→ **Stored items**
· · · ·
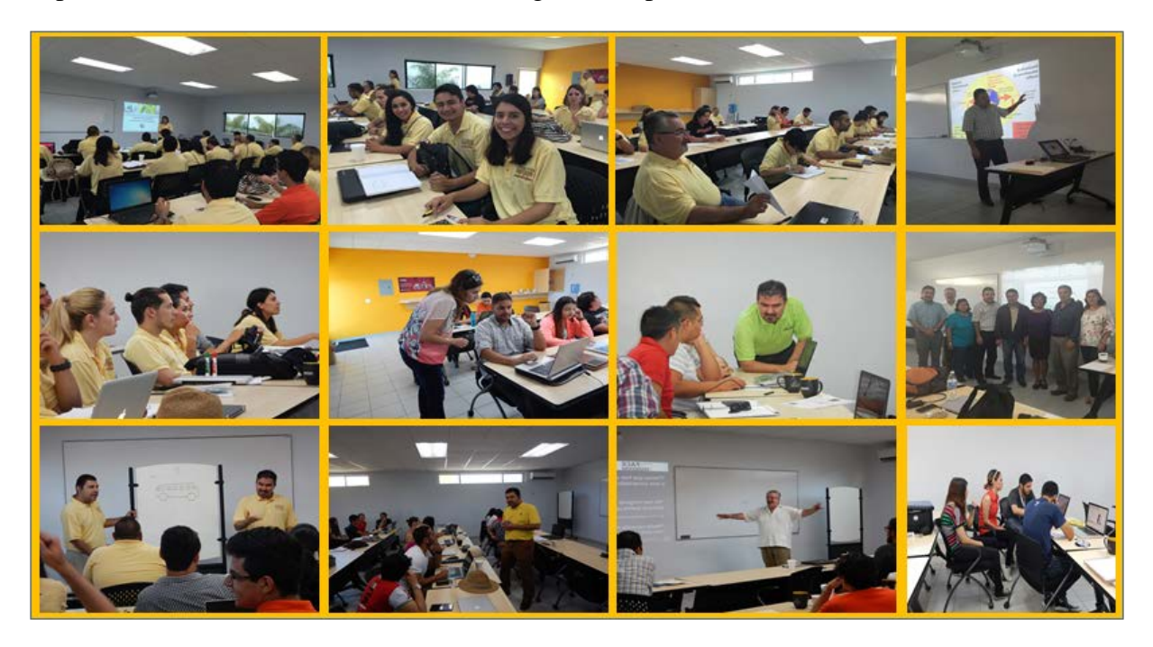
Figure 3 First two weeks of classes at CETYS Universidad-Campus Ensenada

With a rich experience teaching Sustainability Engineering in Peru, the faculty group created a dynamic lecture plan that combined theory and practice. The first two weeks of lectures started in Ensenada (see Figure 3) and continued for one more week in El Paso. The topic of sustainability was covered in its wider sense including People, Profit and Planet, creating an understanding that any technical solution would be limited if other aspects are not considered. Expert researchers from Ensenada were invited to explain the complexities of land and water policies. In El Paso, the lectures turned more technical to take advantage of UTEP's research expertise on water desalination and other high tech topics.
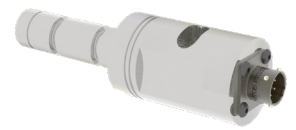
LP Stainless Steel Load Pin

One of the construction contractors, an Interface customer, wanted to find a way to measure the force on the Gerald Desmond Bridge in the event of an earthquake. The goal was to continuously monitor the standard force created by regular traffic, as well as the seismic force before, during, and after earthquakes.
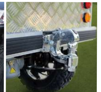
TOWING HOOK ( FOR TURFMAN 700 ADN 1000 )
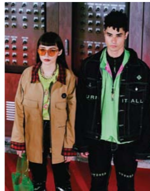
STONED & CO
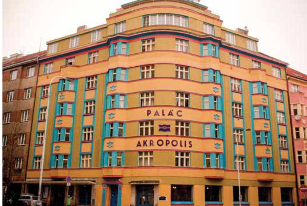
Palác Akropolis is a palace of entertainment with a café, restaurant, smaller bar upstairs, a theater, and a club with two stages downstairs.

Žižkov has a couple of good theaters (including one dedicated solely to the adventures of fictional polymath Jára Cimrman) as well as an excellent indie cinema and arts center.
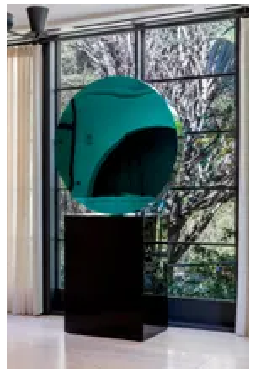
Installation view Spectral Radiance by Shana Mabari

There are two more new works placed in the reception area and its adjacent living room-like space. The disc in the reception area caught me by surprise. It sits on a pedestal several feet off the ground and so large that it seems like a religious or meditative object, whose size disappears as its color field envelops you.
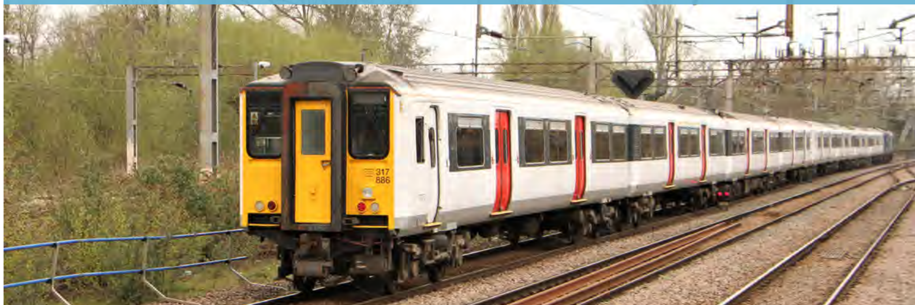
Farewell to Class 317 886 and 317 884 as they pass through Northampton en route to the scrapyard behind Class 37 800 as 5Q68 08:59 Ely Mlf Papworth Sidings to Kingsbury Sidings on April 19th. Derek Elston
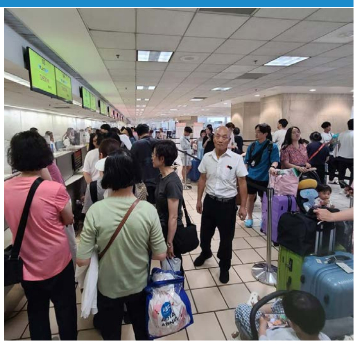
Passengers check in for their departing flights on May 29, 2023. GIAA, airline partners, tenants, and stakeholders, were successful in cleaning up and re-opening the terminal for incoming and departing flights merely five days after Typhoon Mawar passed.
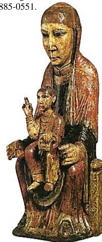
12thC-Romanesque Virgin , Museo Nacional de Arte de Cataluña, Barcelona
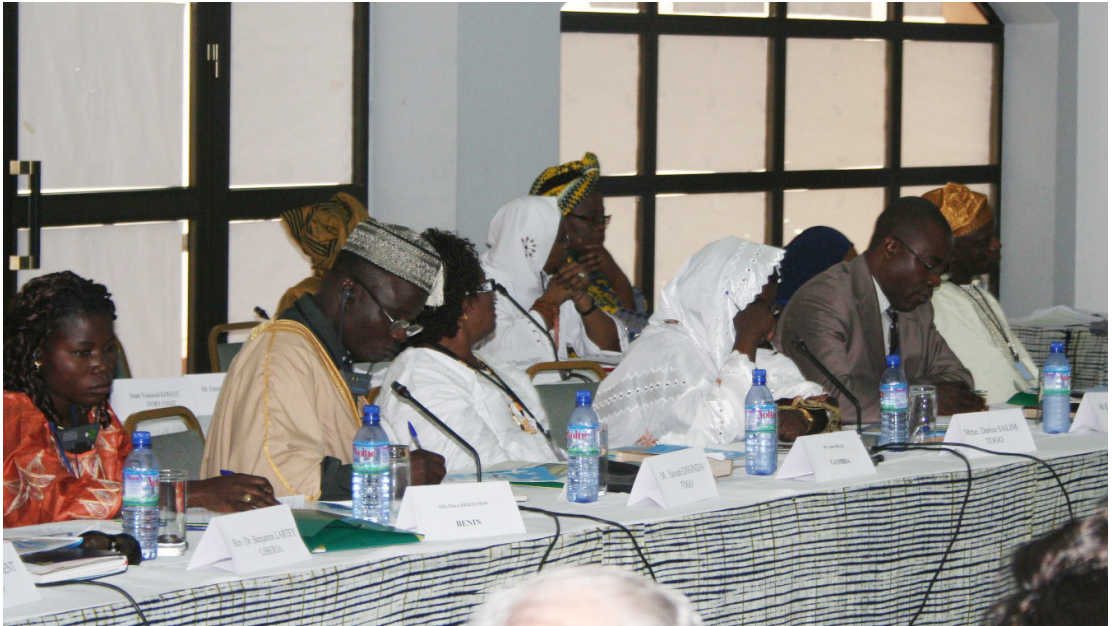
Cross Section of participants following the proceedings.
· · · ·
→ **Exercise**
No pictures belong in the output. It should reproduce exactly the lines from the one containing "12thC-Romanesque Virgin , Museo" through the end of the data, both ends included.

→ **Exercise answer**
12thC-Romanesque Virgin , Museo Nacional de Arte de Cataluña, Barcelona
Cross Section of participants following the proceedings.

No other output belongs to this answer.